Do-gooder activists and lawmakers may hope that by limiting nicotine-containing products to just "tobacco" flavor, e-cigarettes would prove less appealing to any nonsmokers, including teens and young adults, who might become addicted to nicotine as a result. But this trades one potential, smaller problem for a much bigger problem. Taking away the appetizing flavors would render these much-safer products less appealing to adult smokers, too.

Like it or not, millions of smokers have been able to quit or cut back on smoking by switching to electronic cigarettes. Like cigarettes, vaping liquid (used in electronic cigarettes) most often contains nicotine. But unlike cigarette tobacco, vape liquid is not burned, so it does not produce the ash, tar and other carcinogens that make traditional cigarettes so deadly.

Instead, e-cigarettes deliver nicotine — a substance about as harmful as caffeine — in a way that approximates the smoking experience but with almost none of the adverse health consequences. That could translate to millions of lives saved and the reduction of countless smoking-related illnesses.

Why don't health advocates see it that way?
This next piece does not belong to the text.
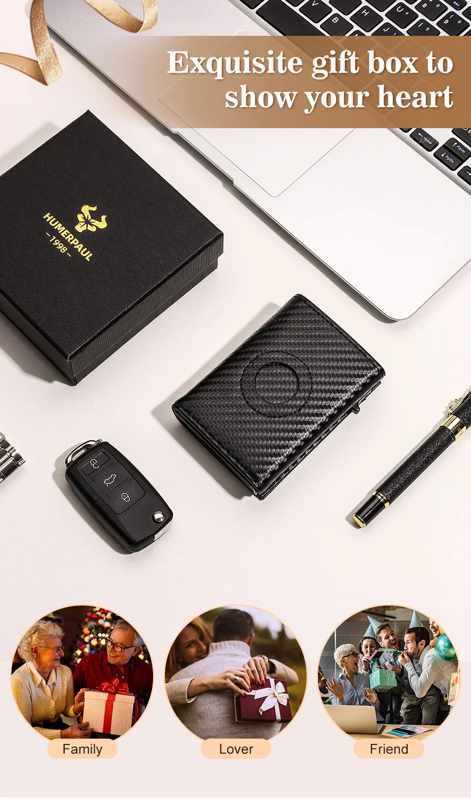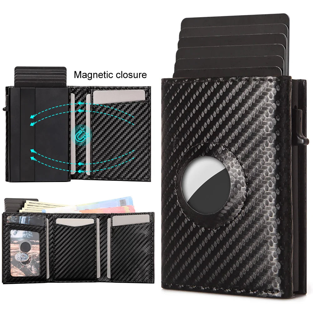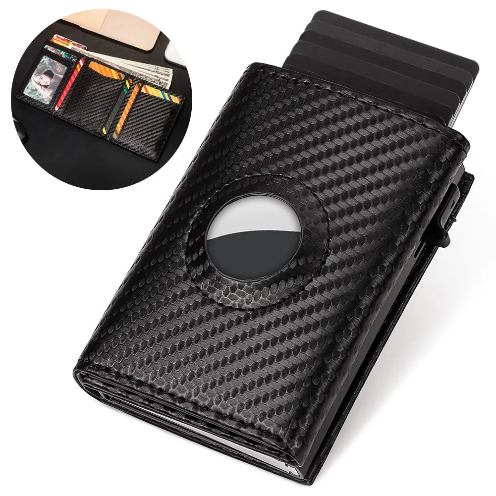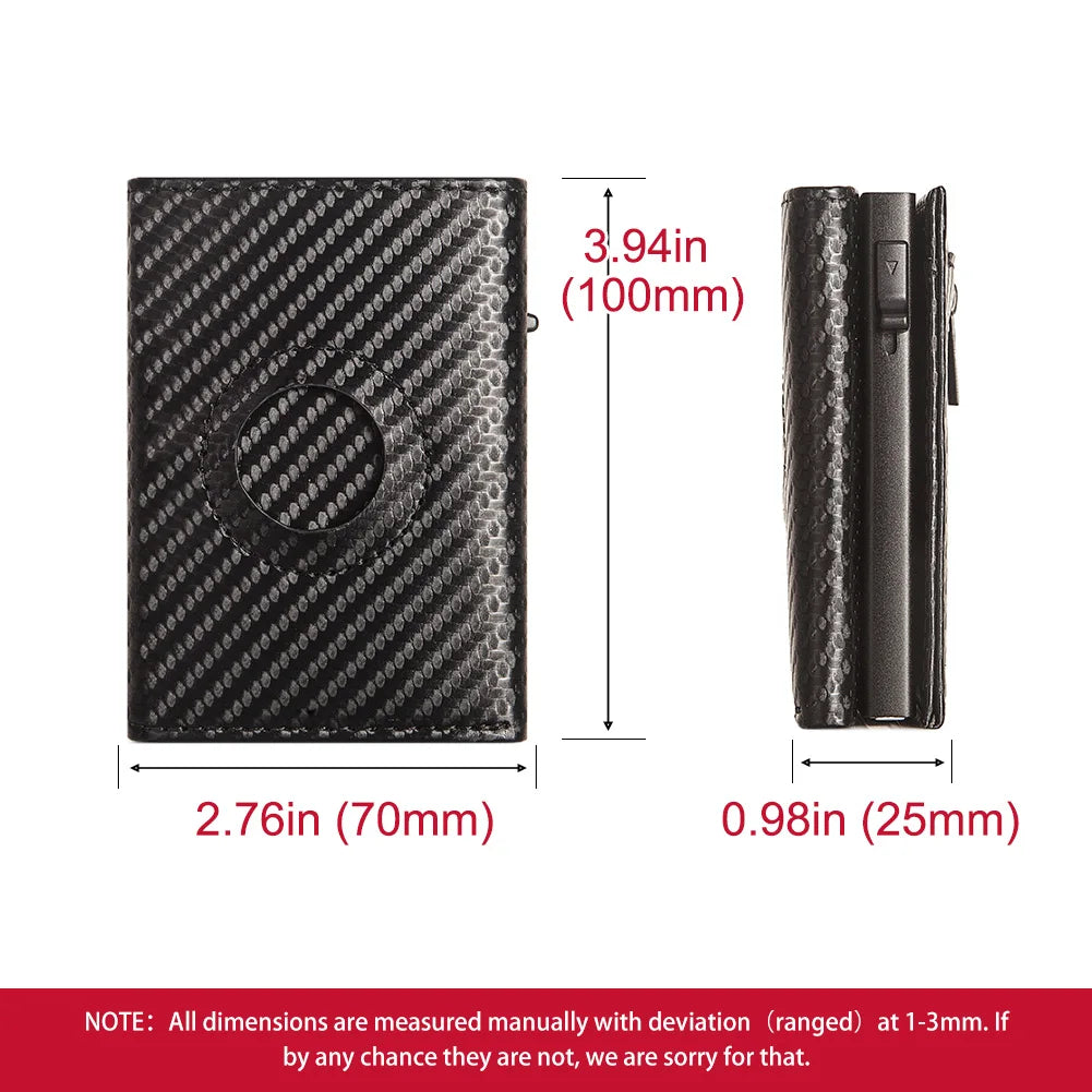 Men Smart Wallet Credit Card Holder for AirTag Carbon Fiber Aluminum Automatic Pop Out Cardholder Case with Money Clip

When it comes to other public health endeavors, such as preventing teen pregnancy and reducing disease transmission, health advocates recognize the value in supporting safer alternatives, such as condom distribution, needle-exchange programs and even providing safe injection centers for drug users. For tobacco-harm reduction, however, these same advocates seem unwilling to accept anything other than an "abstinence-only" approach.
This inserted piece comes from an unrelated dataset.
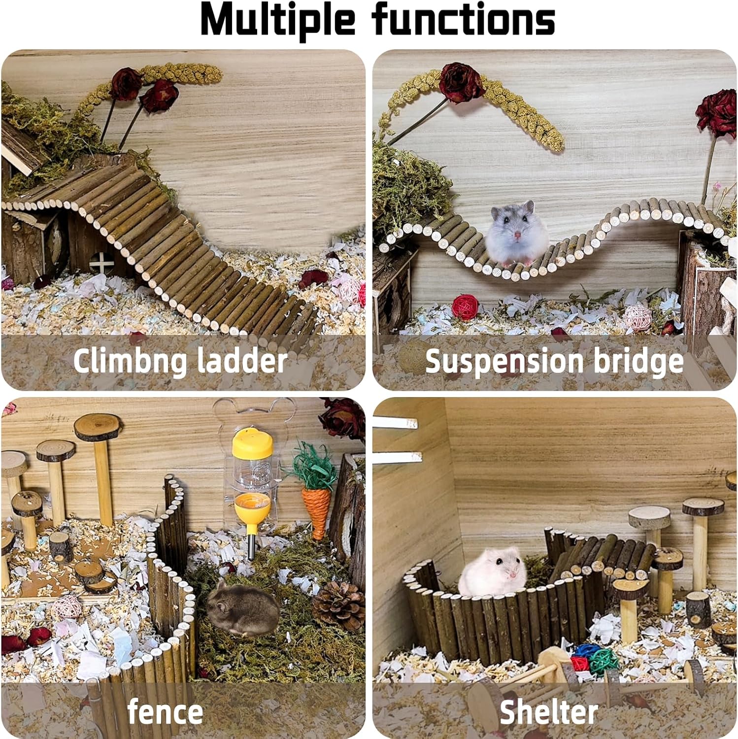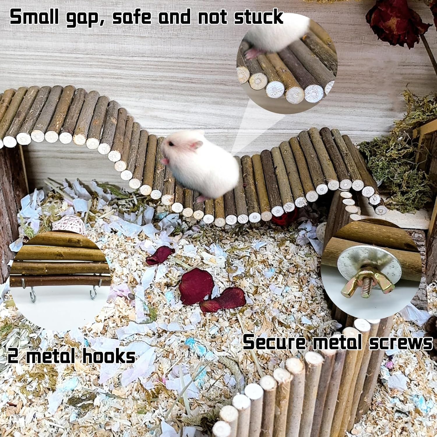 Rat Bendy Long Suspension Bridges Gerbil Wooden Ramp Hamster Cage Climbing Ladder Natural Wood Chews Toys for Rodents Mouse Dwarf Hamster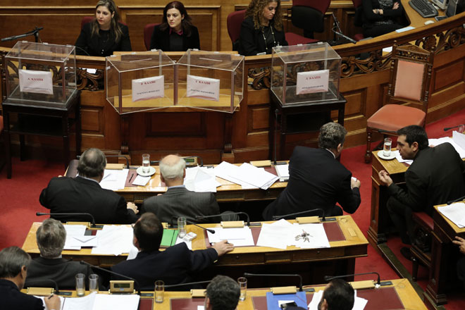 Αφού ενημέρωσε το Σώμα για τον τρόπο της μυστικής ψηφοφορίας ο Χρήστος Μαρκογιαννάκης, είπε στους βουλευτές ότι το ψηφοδέλτιο που είχε διανεμηθεί είναι το σωστό και ότι ήταν άδικος ο θόρυβος που δημιουργήθηκε. Ο κοινοβουλευτικός εκπρόσωπος του ΣΥΡΙΖΑ, Δ. Παπαδημούλης αν και επέμεινε ότι τα ψηφοδέλτια πρέπει να αναφέρουν το όνομα του εγκαλούμενου και από κάτω τα αδικήματα, είπε δεν χρειάζονται περιττές εντάσεις και μπορεί το Σώμα να τοποθετηθεί.

The existing evidence about teens and vaping does not justify activists' fears. While it's true that 11.3 percent of high schoolers and 4.3 percent of middle schoolers reported using vapes once in the last month, researchers find that the vast majority of minors who regularly vape are current or former smokers.
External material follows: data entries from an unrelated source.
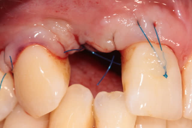 Effondrement tissulaire après extraction et lambeau repositionné coronairement pour essayer de retrouver une papille entre centrale et latérale. La dent de la patiente est recollée.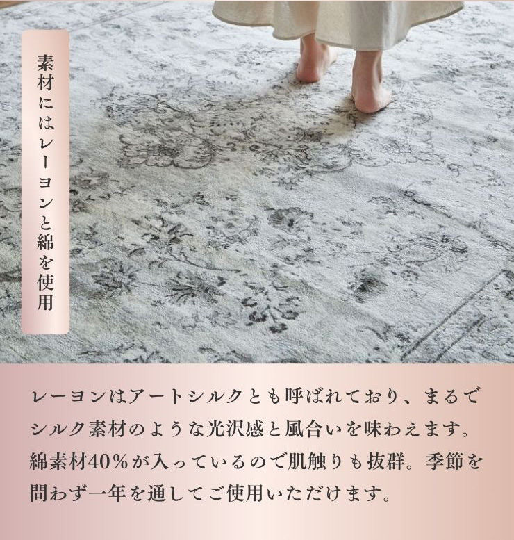 | 素材 | 表面:レーヨン60%・綿40% 裏面:不織布 パイル長:約3mm |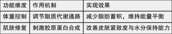 以下為產(chǎn)品在體重控制與肌膚修復(fù)方面的作用對照:

A 2016 study published in the American Journal of Preventive Medicine found that fewer than 1 percent of habitual teen vapers could be classified as "never smokers." Put another way, 99 percent of teens who vape would have used much more harmful traditional cigarettes instead of the vastly less harmful e-cigarettes.

The good news for health advocates should be that teen use of cigarettes has plummeted, reaching single-digit levels for the first time ever. This is likely because of e-cigarette availability. As one Cornell study in 2016 demonstrated, when states institute age limits on the sales of e-cigarettes, teen use of traditional tobacco increases.

In other words, e-cigarettes are not a gateway, "luring" teens who would never have smoked into nicotine addiction. Rather, they are giving teens who were already going to smoke a safer alternative.

Furthermore, research indicates that the availability of candy-like vape flavors, such as "gummi bear," does not make them more attractive to nonsmoking teens. One doesn't need a study to understand why nonsmoking teenagers wouldn't be inclined to shell out $25 to $45 (or more) per month for candy-flavored vapes when they can spend far less money on actual candy.

These flavors are, however, appealing to adult smokers who want to quit. A 2014 consumer survey of adult e-cigarette users found that approximately 61 percent cited fruit-, dessert-, candy-, savory- and beverage-flavored liquids as their primary flavor, while just 25 percent cited tobacco or menthol tobacco.

Adult vapers also cite flavor variety as "very important" to their ability to reduce or quit smoking. Half of adult vapers surveyed indicated that restrictions on flavors would increase their cravings for traditional cigarettes and the likelihood they would return to smoking.

Smokers should have the choice to switch to flavored e-cigarettes if they want to. We shouldn't allow public policy to be driven by unsubstantiated fears.

Michelle Minton is a senior fellow for the Competitive Enterprise Institute, a free-market public policy organization based in Washington, D.C.